Knedos, approx. 406 - 355 B.C.

The greatest of the mathematics and astronomers of the time of Plato, Eudoxos of Knidos (400-350 BC approximately). He broadened the theory of numbers beyond the Pythagorean tradition by proving the existence of irregular substances, and inventing methods of calculating curved surfaces. Moreover, with the homocentric sphere system he invented, he gave the first well documented explanation of the planets movement, and presenting yet once more the persistence of ancient Greek to the perfection of the sphere. He was the one applying geometry to the science of astronomy, and the one to outline the fact that there should be interaction between theory and observation, a basic principle to astronomy ever since.

He studies mathematics and medicine to a school with a reputation similar to that of Hippocrates (the greatest doctor of ancient Greece). A rich doctor, impressed by his abilities, sponsored him to go to Athens and study at Plato's academy. He lived in Egypt for 18 months, during the reign of Nectanevo the First. In Heliopolis (nowadays a suburb of Cairo) he was initiated into the Egyptian wisdom, including astronomy. It was there that he wrote "8 years", his first important work, probably after studying Venus. Later on he travelled to Propontis Sea teaching, and then returned to Athens where he became a well known legislator.

Eudoxos made two important contributions to mathematics, one being the theory of analogy, and the other the theory of depletion, both attributed to Eudoxos by Proklos and Archimedes. It might be that the theory of axioms of Eukleides was first induced by Eudoxos.
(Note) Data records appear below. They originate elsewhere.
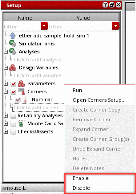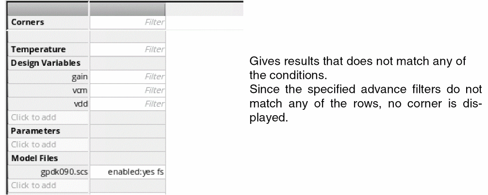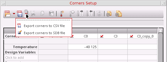 Remove Unselected: Removes the unselected variables.By default, before running a simulation, ADE Explorer does not match the design variables in the Corners Setup form with the list of global variables in the active setup. If the setup for corners uses any design variable that is not present in the active ADE Explorer setup, a redundant simulation is run for that variable. To ensure that any design variable that does not exist in the ADE Explorer setup is reported as an error before running a simulation, set the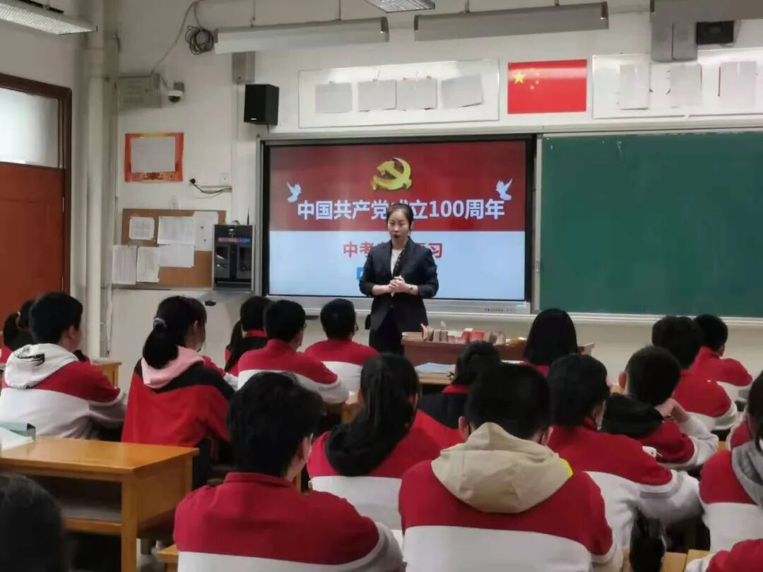政治组张瑶老师从中国共产党的性质、地位、初心和使命等角度带领学生复习了中国共产党成立100周年的相关知识点。特别是最后的情感升华,充分激发学生的爱党爱国情怀,引导学生成为全面发展的社会主义建设者和接班人。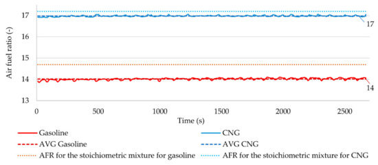 Air-fuel ratio (AFR) characteristics for the engine powered by gasoline and CNG.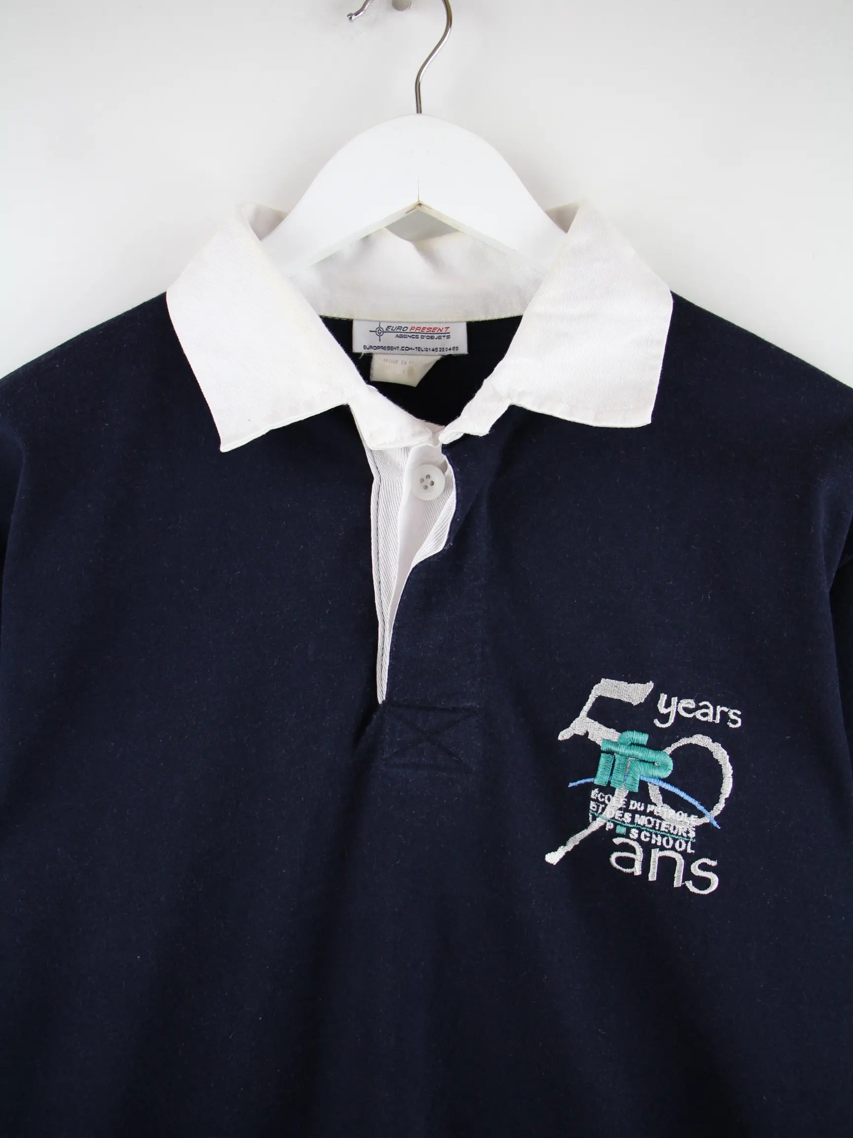 Vintage Langarm Polo Blau L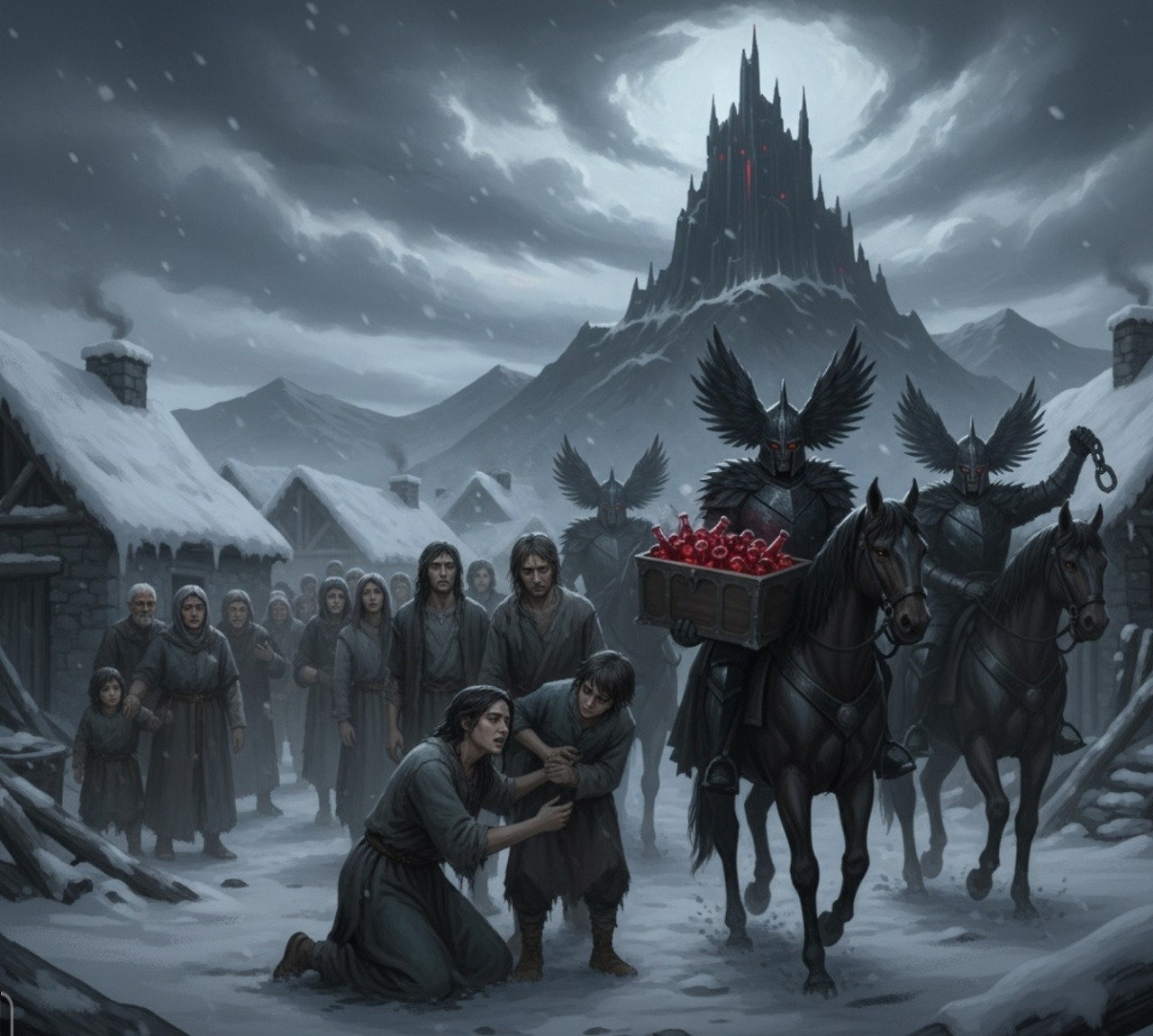 "핏빛 세금... 차라리 늑대 떼가 몰려와 마을을 덮치는 것이 나았을 겁니다." 카이는 늑대 가죽을 다듬으며 중얼거렸다.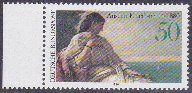 Zum 100. Todestag von Anselm Feuerbach erschien bei der Deutschen Bundespost eine Marke (MiNr 1033 mit einem Detail aus dem Gemälde "Iphigenie" von A. Feuerbach.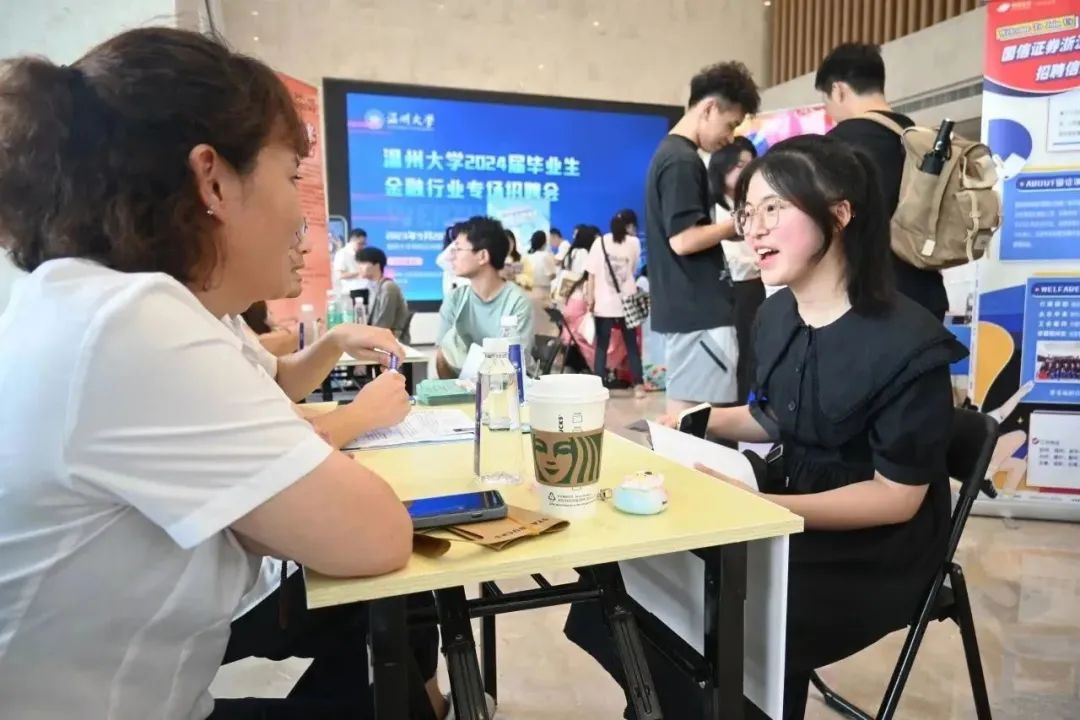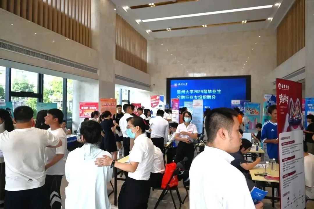 为了更好地满足2024届毕业生和金融行业用人单位秋季招聘需求,搭建有效的洽谈平台,拓宽学生求职就业的渠道,9月20日下午,“金彩人生 职等你来”金融行业专场招聘会于星空平台南校区科技综合大楼顺利举办。在温州市人民政府金融工作办公室的大力支持下,本次招聘会云集了国有六大银行,申万宏源、上海证券、中信证券、中国人寿、泰康人寿等金融行业53家头部企业参会,提供了1700多个高质量的就业及实习岗位,堪称一场含“金”量超高的招聘会。本次招聘会由温州市人民政府金融工作办公室、星空平台联合主办,校招生与就业处、商学院、人文学院、外国语学院共同承办。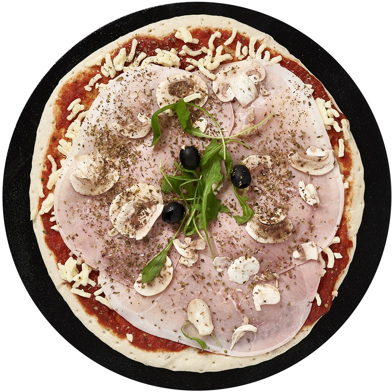 fond de pizza 42,4% (farine de BLE, eau, levain (GLUTEN), huile d'olive vierge extra, sel, levure), mozzarella râpée 24,5% (LAIT de vache pasteurisé (origine UE), protéines de LAIT, sel, correcteur d'acidité : E330, ferments LACTIQUES, coagulant microbien, conservateur : E202, anti agglomérant : amidon), jambon cuit 12,2% (jambon de porc, eau, sel, dextrose, arômes naturels (présence naturelle de polyphénols), bouillon (eau, arôme naturel, oignon, ail, poivre noir, noix de muscade, clou de girofle, thym, laurier), antioxydant : E300), sauce à pizza 11,4% (98 % tomates, sel, huile de tournesol, sucre, herbes aromatiques, ail, régulateur d'acidité : E330), champignons 7,3% (champignons, eau, sel, acidifiant : E330, antioxydant : E300), olives noires dénoyautées (olives, eau, sel, stabilisant : E579), origan.

It is often said that it was Aristarchos of Samos who first calculated the distance between Earth from the Moon and the Sun, but there is a possibility that it was Eudoxos who found it. He gave a solution to another astronomical problem, explaining mathematically the phenomenal movement of the Sun, Moon, and the five known planets, by defining each one's distance from Earth, order being Moon, Mercury, Venus, Sun, Mars, Jupiter and Saturn.

He created a model of 27 spheres, placing on the external sphere every stable star so as to consider their daily movement, and building a model of connected spheres for each one of the celestial bodies, 3 for the sun, 3 for the moon, 4 for each of the remaining planets, each sphere with the desired pitch and velocity.

After his death, at around 350 BC, mathematic science was led to new frontiers due to his contribution, His idea that a normal circular movement can explain all celestial movement survived until the 17th century AD.